Dataset records:
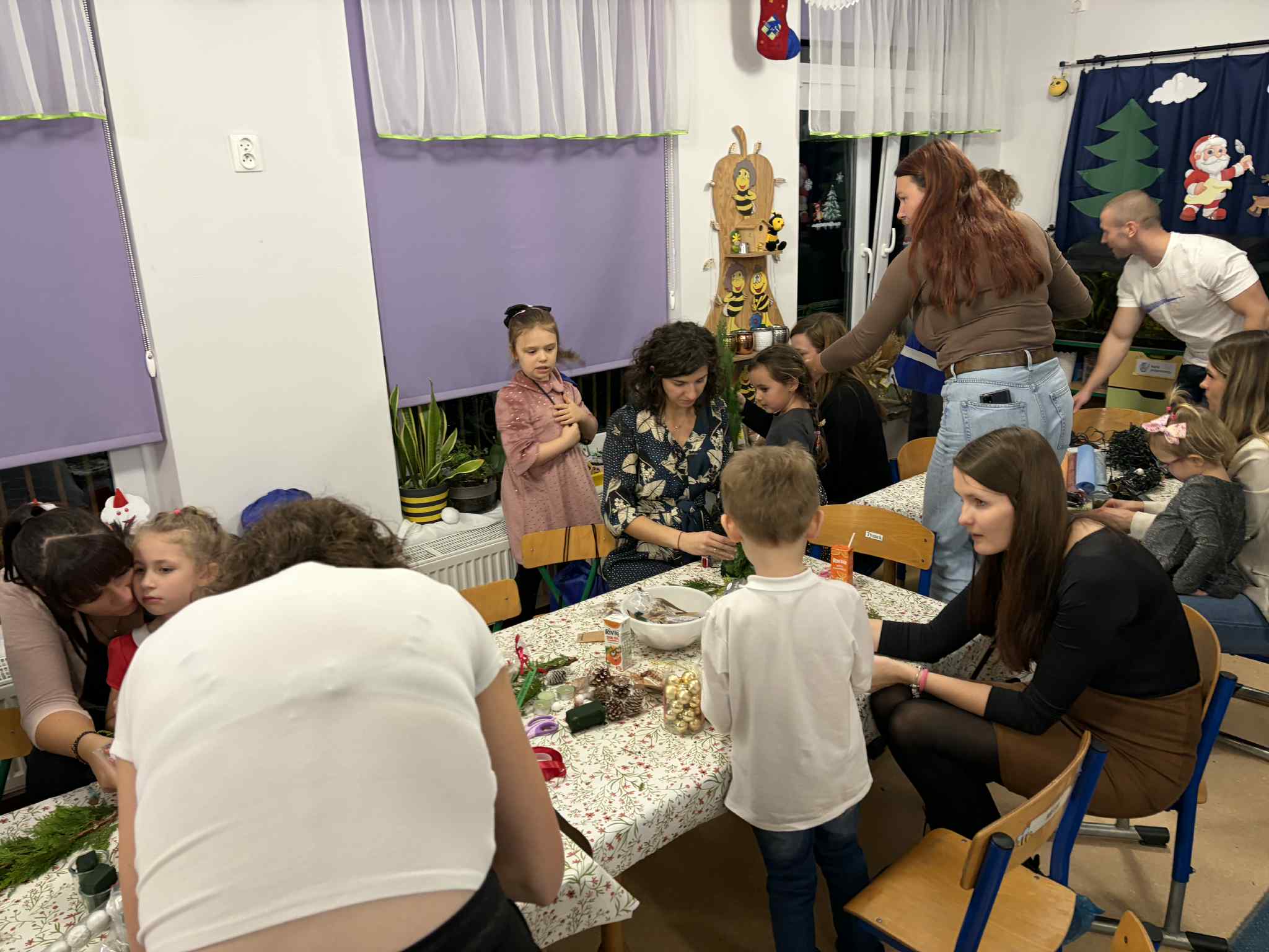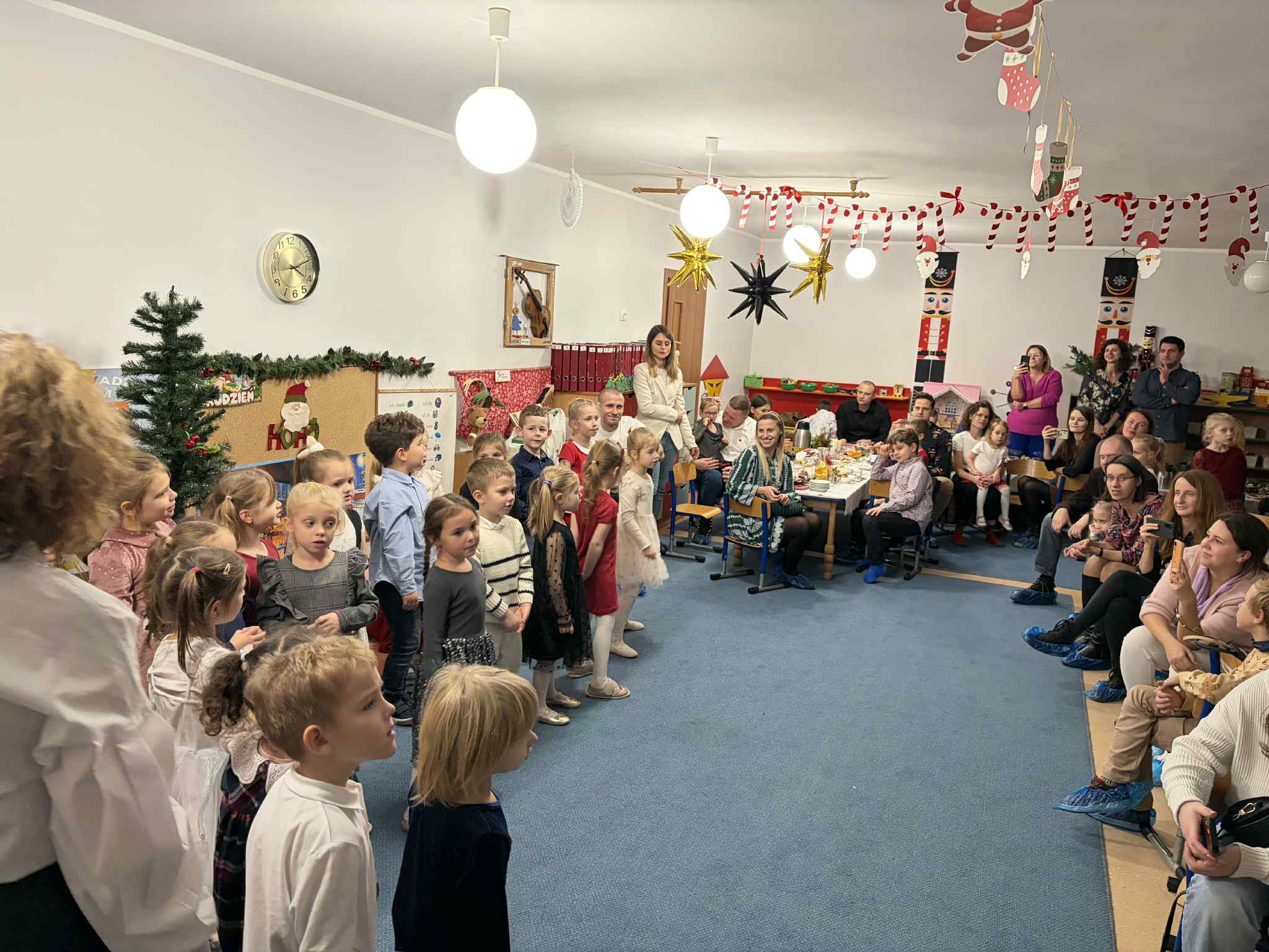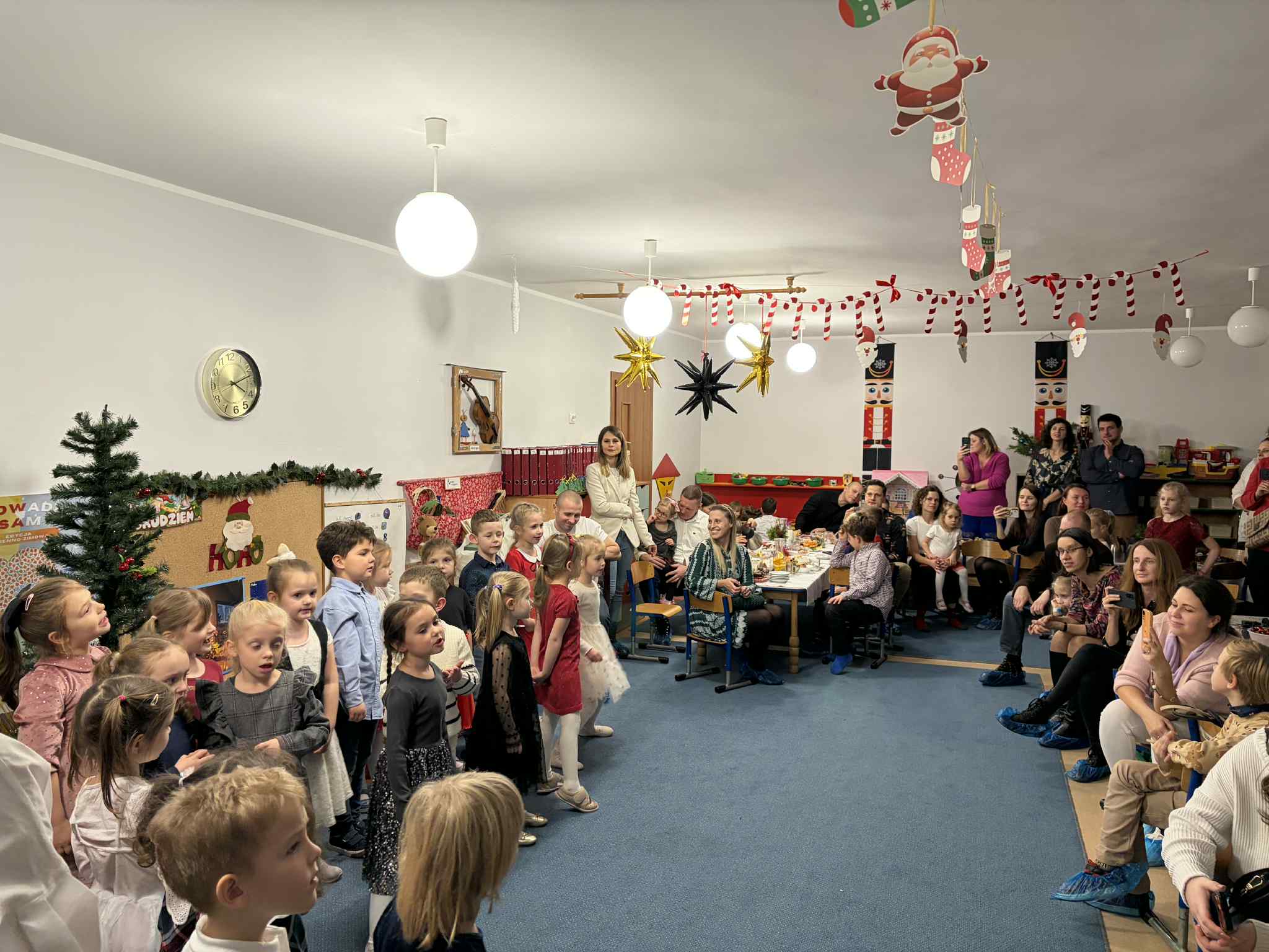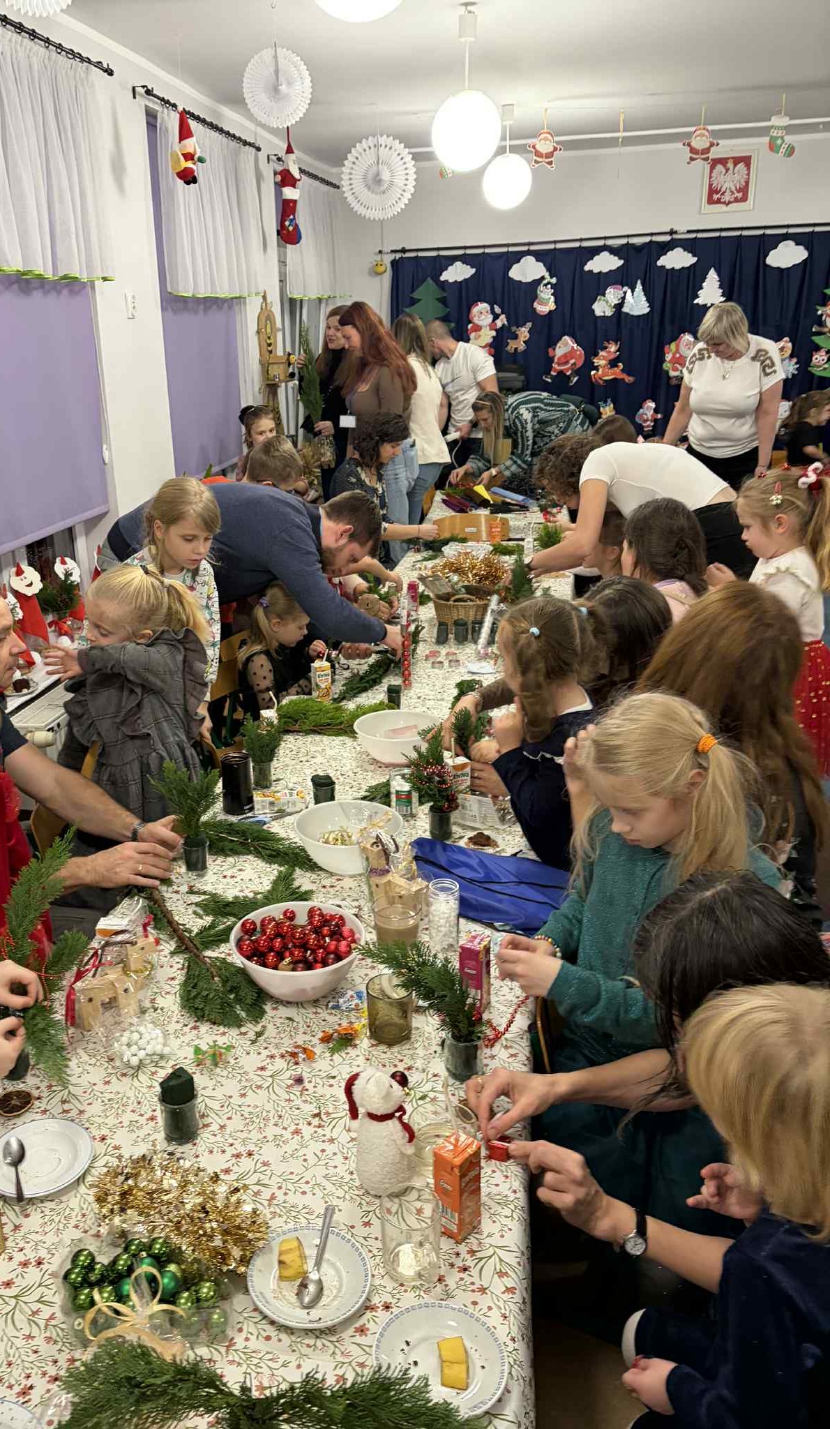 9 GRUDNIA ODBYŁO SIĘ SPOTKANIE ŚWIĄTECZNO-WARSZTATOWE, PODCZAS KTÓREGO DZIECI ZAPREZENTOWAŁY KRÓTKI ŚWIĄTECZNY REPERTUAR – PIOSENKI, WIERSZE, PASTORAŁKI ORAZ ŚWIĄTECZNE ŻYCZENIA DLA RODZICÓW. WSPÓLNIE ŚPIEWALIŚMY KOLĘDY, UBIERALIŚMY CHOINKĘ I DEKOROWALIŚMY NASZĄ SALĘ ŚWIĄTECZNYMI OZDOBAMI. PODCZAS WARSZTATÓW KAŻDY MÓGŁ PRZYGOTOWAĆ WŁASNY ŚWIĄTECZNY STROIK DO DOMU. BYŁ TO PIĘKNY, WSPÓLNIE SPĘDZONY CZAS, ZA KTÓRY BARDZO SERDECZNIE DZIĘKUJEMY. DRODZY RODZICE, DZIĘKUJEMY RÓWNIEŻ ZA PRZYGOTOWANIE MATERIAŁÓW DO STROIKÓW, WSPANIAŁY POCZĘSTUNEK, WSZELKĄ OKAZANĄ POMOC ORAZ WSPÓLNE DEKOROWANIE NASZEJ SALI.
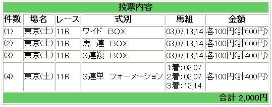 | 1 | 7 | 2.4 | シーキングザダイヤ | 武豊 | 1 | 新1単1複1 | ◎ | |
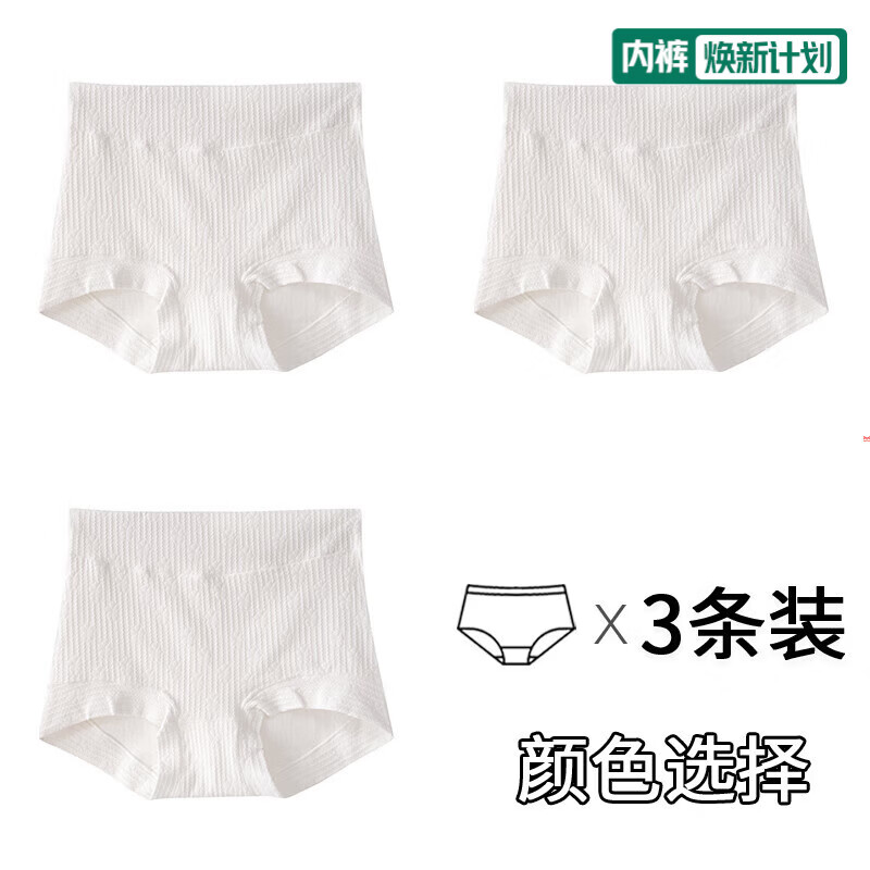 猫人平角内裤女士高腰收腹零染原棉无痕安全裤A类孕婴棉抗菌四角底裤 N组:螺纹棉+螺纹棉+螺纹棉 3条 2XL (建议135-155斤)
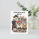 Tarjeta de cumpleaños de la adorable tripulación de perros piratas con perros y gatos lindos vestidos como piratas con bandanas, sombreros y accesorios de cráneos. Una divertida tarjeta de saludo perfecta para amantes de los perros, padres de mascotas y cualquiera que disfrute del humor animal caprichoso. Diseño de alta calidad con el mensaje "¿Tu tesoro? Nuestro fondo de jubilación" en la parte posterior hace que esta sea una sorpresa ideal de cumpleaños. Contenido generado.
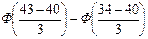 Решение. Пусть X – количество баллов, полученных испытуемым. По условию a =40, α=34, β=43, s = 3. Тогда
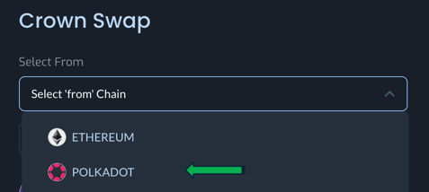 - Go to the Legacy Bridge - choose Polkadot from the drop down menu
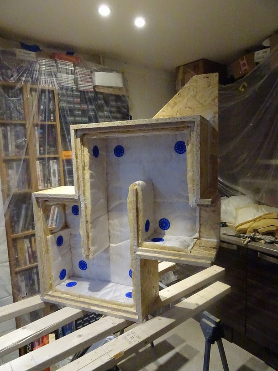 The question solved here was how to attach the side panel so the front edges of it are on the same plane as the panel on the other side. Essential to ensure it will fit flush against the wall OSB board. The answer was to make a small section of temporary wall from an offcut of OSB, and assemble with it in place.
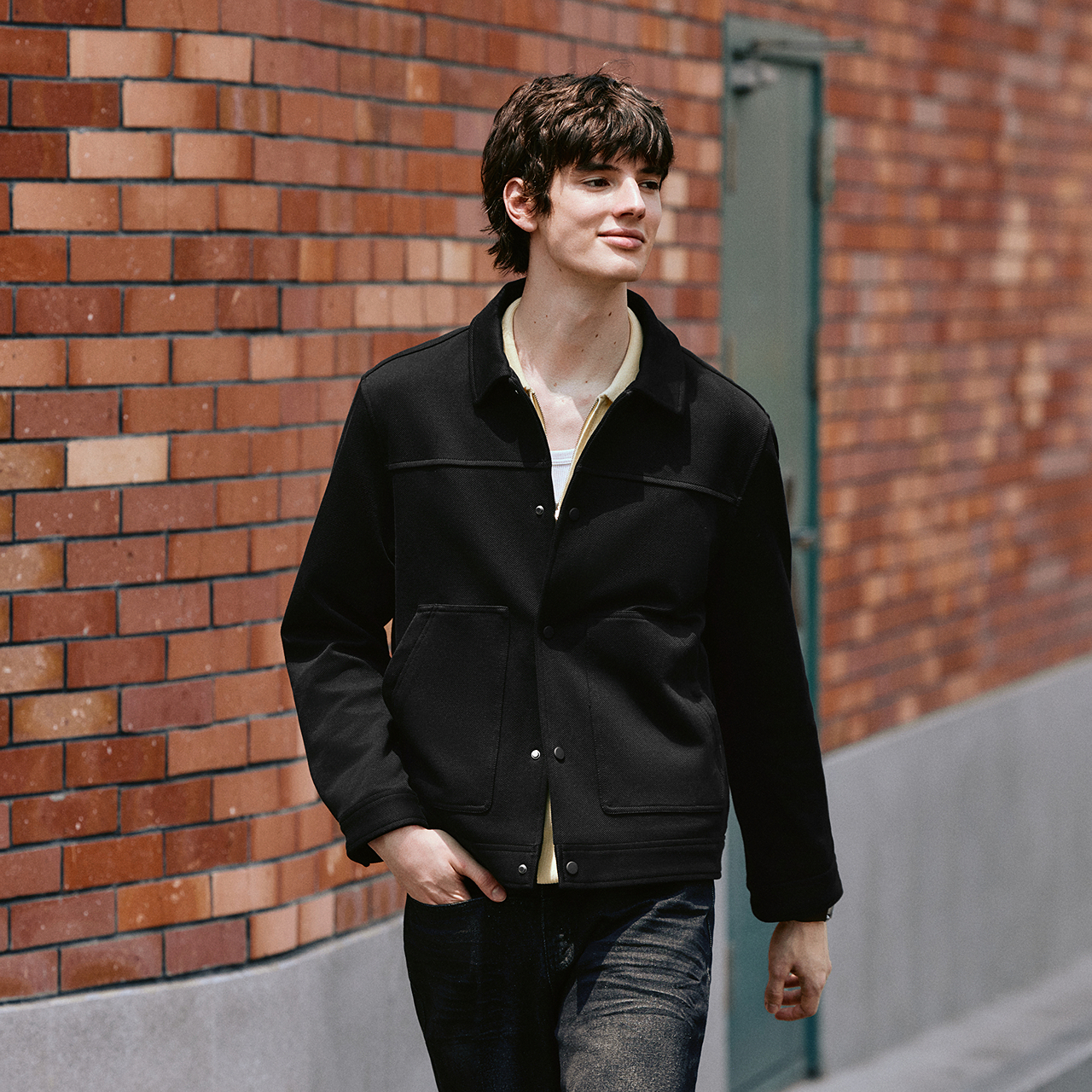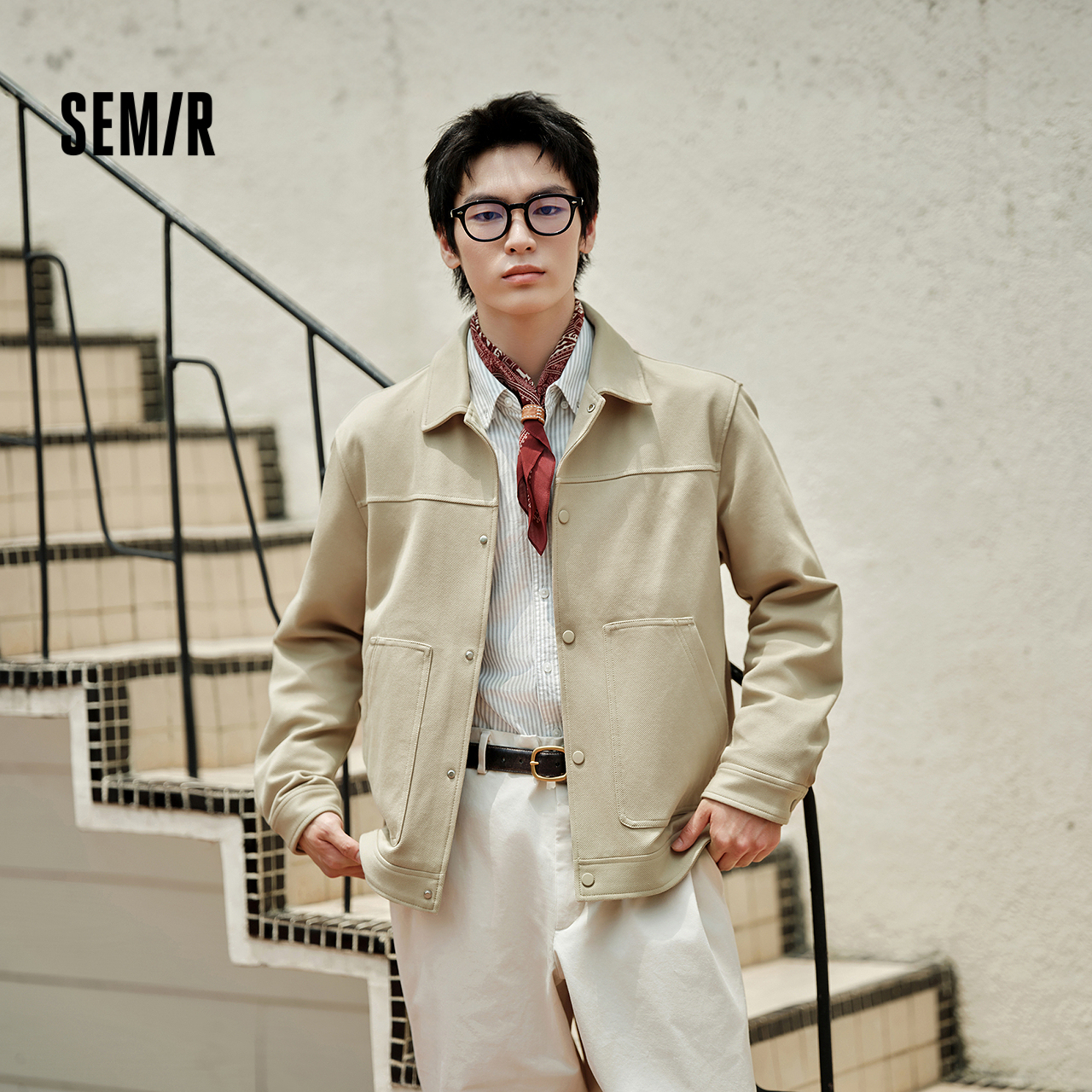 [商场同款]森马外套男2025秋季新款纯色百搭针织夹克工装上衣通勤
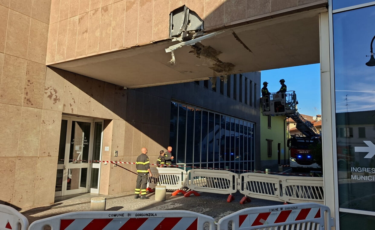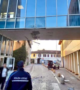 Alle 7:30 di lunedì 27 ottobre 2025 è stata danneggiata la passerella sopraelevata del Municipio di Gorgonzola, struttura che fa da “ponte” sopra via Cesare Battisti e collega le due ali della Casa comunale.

#### Your task:
The data must be printed exactly, image-free.

#### Reply to the task:
 9 GRUDNIA ODBYŁO SIĘ SPOTKANIE ŚWIĄTECZNO-WARSZTATOWE, PODCZAS KTÓREGO DZIECI ZAPREZENTOWAŁY KRÓTKI ŚWIĄTECZNY REPERTUAR – PIOSENKI, WIERSZE, PASTORAŁKI ORAZ ŚWIĄTECZNE ŻYCZENIA DLA RODZICÓW. WSPÓLNIE ŚPIEWALIŚMY KOLĘDY, UBIERALIŚMY CHOINKĘ I DEKOROWALIŚMY NASZĄ SALĘ ŚWIĄTECZNYMI OZDOBAMI. PODCZAS WARSZTATÓW KAŻDY MÓGŁ PRZYGOTOWAĆ WŁASNY ŚWIĄTECZNY STROIK DO DOMU. BYŁ TO PIĘKNY, WSPÓLNIE SPĘDZONY CZAS, ZA KTÓRY BARDZO SERDECZNIE DZIĘKUJEMY. DRODZY RODZICE, DZIĘKUJEMY RÓWNIEŻ ZA PRZYGOTOWANIE MATERIAŁÓW DO STROIKÓW, WSPANIAŁY POCZĘSTUNEK, WSZELKĄ OKAZANĄ POMOC ORAZ WSPÓLNE DEKOROWANIE NASZEJ SALI.
 | 1 | 7 | 2.4 | シーキングザダイヤ | 武豊 | 1 | 新1単1複1 | ◎ | |
 猫人平角内裤女士高腰收腹零染原棉无痕安全裤A类孕婴棉抗菌四角底裤 N组:螺纹棉+螺纹棉+螺纹棉 3条 2XL (建议135-155斤)
 Tarjeta de cumpleaños de la adorable tripulación de perros piratas con perros y gatos lindos vestidos como piratas con bandanas, sombreros y accesorios de cráneos. Una divertida tarjeta de saludo perfecta para amantes de los perros, padres de mascotas y cualquiera que disfrute del humor animal caprichoso. Diseño de alta calidad con el mensaje "¿Tu tesoro? Nuestro fondo de jubilación" en la parte posterior hace que esta sea una sorpresa ideal de cumpleaños. Contenido generado.
 Решение. Пусть X – количество баллов, полученных испытуемым. По условию a =40, α=34, β=43, s = 3. Тогда
 - Go to the Legacy Bridge - choose Polkadot from the drop down menu
 The question solved here was how to attach the side panel so the front edges of it are on the same plane as the panel on the other side. Essential to ensure it will fit flush against the wall OSB board. The answer was to make a small section of temporary wall from an offcut of OSB, and assemble with it in place.
 [商场同款]森马外套男2025秋季新款纯色百搭针织夹克工装上衣通勤
 Alle 7:30 di lunedì 27 ottobre 2025 è stata danneggiata la passerella sopraelevata del Municipio di Gorgonzola, struttura che fa da “ponte” sopra via Cesare Battisti e collega le due ali della Casa comunale.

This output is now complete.